Inspired by the phase diagram of the cuprate oxide family of high temperature superconductors, the focus of our research in recent years has been unconventional superconductivity exhibited by correlated metals. In particular, we devoted attention to the investigation of the Fe-based superconductors (FeSCs), materials for which the formation of the high-temperature superconducting state (HTSC) occurs in proximity, or in coexistence, with other electronic orders. This diversity of electronic phases in the FeSCs phase diagram is evidence of the role played by the coupling between the electronic degrees of freedom (charge, orbital and spin) and the proximity of the energy scales associated with these couplings.

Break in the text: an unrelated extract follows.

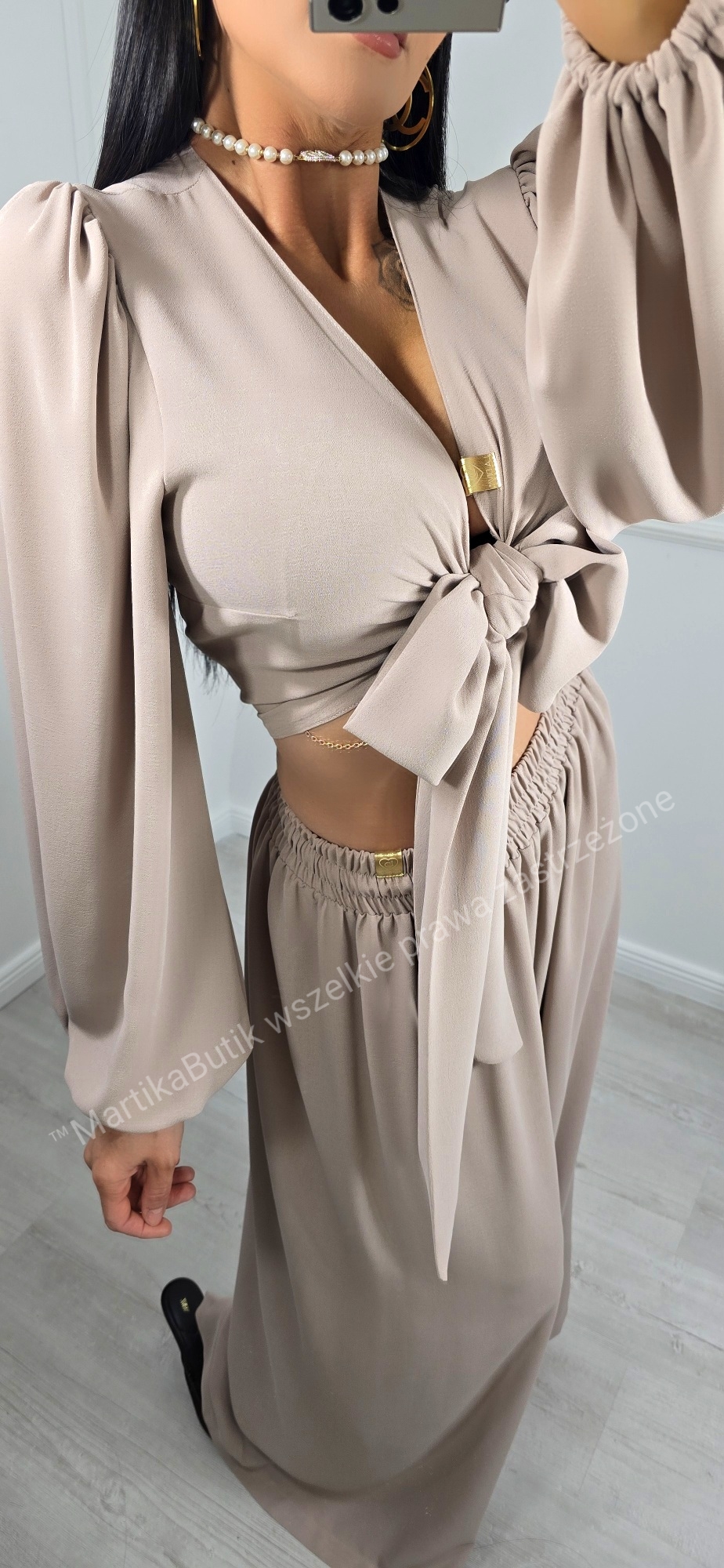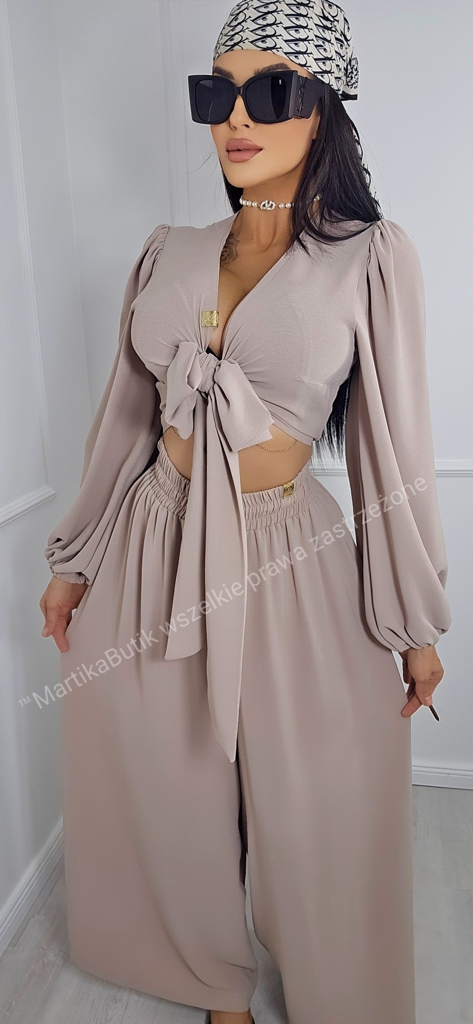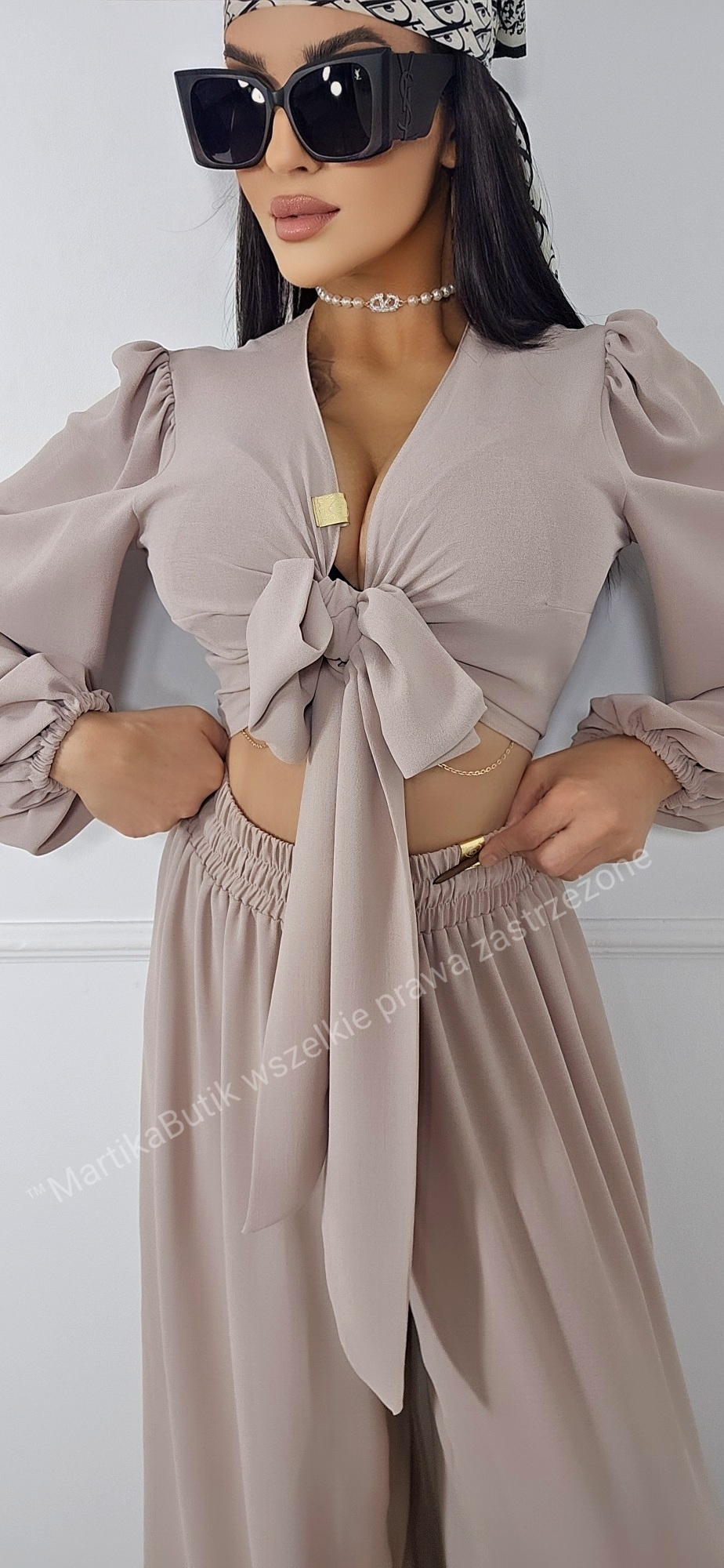 • Bluzka z Efektownym Wiązaniem: Krótki fason typu crop top z głębokim dekoltem w serek (V-neck), który pięknie eksponuje biust. Długie, szerokie rękawy zakończone subtelnym ściągaczem nadają całości lekkości i romantycznego charakteru.

These facts have advanced studies on Hund metals, a new class of correlated metals, where itinerant electronic states retain strong orbital character. It is therefore suggested that the central task for understanding the formation of HTSC in Hund metals is to disentangle the role of charge, orbital and spin degrees of freedom in these materials. In this project, we propose to investigate this topic through advanced X-ray spectroscopy and thus contribute to a better understanding of Hund's metals and their relationship with HTSC. Experimental techniques considered include resonant inelastic X-ray scattering (RIXS), angle-resolved photoemission spectroscopy (ARPES), and X-ray absorption spectroscopy (XAS), in particular X-ray linear dichroism (XLD). Materials to be explored include FeSCs, such as i) the 122 AFe2As2 (A= K, Rb, Cs); ii) BaFe2S3 and iii) other Hund metals that exhibit electronic orders such as HTSC, charge and spin density waves and even an electronic nematic order. (AU)